### DATA SHOWN ###

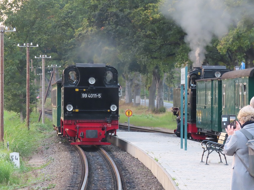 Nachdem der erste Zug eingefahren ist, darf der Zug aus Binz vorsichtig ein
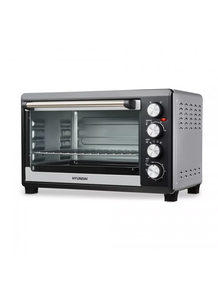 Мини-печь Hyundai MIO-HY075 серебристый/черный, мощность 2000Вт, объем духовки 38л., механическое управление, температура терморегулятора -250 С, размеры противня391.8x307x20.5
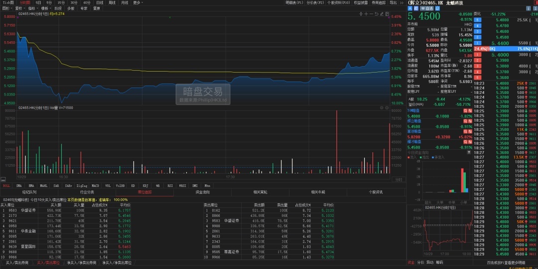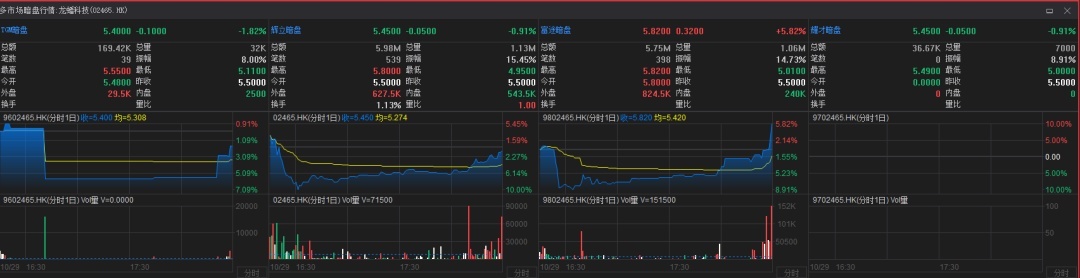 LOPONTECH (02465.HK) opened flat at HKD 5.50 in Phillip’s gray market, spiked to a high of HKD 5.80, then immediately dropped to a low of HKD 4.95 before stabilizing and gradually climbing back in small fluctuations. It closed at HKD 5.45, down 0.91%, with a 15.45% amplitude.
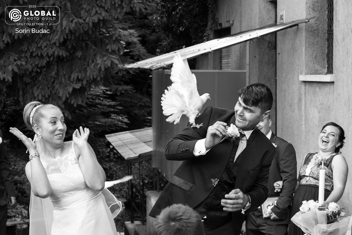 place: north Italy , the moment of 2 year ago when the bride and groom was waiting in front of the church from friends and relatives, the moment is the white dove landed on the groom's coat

###

— PROBLEM REQUIREMENTS —
Give the listing above again word for word, without its pictures.

— ANSWER FOR THE TASK —
 Nachdem der erste Zug eingefahren ist, darf der Zug aus Binz vorsichtig ein
 Мини-печь Hyundai MIO-HY075 серебристый/черный, мощность 2000Вт, объем духовки 38л., механическое управление, температура терморегулятора -250 С, размеры противня391.8x307x20.5
 LOPONTECH (02465.HK) opened flat at HKD 5.50 in Phillip’s gray market, spiked to a high of HKD 5.80, then immediately dropped to a low of HKD 4.95 before stabilizing and gradually climbing back in small fluctuations. It closed at HKD 5.45, down 0.91%, with a 15.45% amplitude.
 place: north Italy , the moment of 2 year ago when the bride and groom was waiting in front of the church from friends and relatives, the moment is the white dove landed on the groom's coat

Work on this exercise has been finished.